Our 6 Must Reads to Make Self-Care Your Competitive Advantage
Management

Our 6 Must Reads to Make Self-Care Your Competitive Advantage

Too many of us abandon healthy habits in order to work more. But the most successful among us know that self-care is a secret weapon to get more done better.

August is almost over, and with it, we're leaving behind slower days and summer vacations to enter the busiest time of year. For tech, it can feel a bit like going back to school and getting back into the swing of things. So, what better time for a reminder about how important it is to take care of ourselves so we can avoid burnout, think more deeply, connect better with others, and boost our productivity?
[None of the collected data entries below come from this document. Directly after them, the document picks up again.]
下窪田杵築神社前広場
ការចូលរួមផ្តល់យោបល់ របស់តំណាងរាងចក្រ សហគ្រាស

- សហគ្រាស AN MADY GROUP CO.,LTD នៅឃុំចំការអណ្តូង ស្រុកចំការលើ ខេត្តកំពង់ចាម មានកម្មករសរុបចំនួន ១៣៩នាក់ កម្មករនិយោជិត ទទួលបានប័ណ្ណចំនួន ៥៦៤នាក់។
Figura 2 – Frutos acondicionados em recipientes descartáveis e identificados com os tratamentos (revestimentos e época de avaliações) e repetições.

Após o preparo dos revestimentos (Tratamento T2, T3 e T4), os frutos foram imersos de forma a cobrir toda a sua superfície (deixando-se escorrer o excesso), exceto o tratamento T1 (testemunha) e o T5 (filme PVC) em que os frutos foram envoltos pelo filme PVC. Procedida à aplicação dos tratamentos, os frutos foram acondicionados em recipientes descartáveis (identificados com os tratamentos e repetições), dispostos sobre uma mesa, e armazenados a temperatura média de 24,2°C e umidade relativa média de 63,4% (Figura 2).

The term "self-care" gets thrown around a lot these days, and is often used to describe getting enough sleep and exercise, eating clean, maybe throwing in some meditation for good measure. And yes, all of those things are good and helpful for keeping your mind and body on track. But we want to offer a more expansive definition. Self-care is about harnessing your energy for productive good. And if that's the case, then practicing self-care requires a lot more than physical maintenance, and is truly about staying engaged with, curious about, and compelled by what you're doing every day.
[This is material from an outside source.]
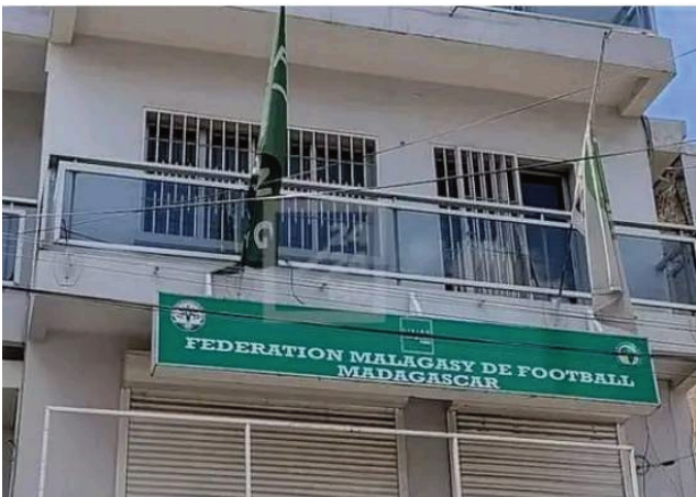
Ny Fmf eny Isoraka

Hanombokoa amin'ny 09 septambra 2022 ho avy izao ny dingana voalohany eo amin'ny fifaninanana baolina kitra sokajy D-2 nasiônaly antsoina hoe « Ligue des champions Malagasy » ankehitriny izay karakarain'ny FMF «Federation Malagasy de Football». Tsy hifarana izany dingana voalohany izany raha tsy amin'ny 18 septambra 2022 ho avy izao. Amin'ny 2 ka hatramin'ny 12 ôktôbra 2022 kosa no hanatanterahana ny dingana faha-2 amin'ity fifanintsanana. Ity. Ny dingana « Poule des AS » kosa ho

One thing we've noticed while watching hundreds of entrepreneurs and startup professionals build companies every day, is that too many people compromise or abandon their healthy habits in order to work harder or longer and get more done. But, more often than not, those same healthy habits are what give the most successful people among us the leverage, endurance and brainpower to get more done better in a shorter amount of time — making self-care a distinct competitive advantage. What follows are the key pieces of advice related to self-care that we've published over the years. We hope they'll come in handy for you this fall as you take on new and bigger challenges.

1. This one, simple 15-minute exercise can change everything.

Executive Coach Chris Holmberg can’t emphasize the power of consistent practice enough. “People who perform, or play sports, or music, they all see the value of practice.” But in business, almost everyone wants to be good right away. They don’t want to spend time going over what already happened.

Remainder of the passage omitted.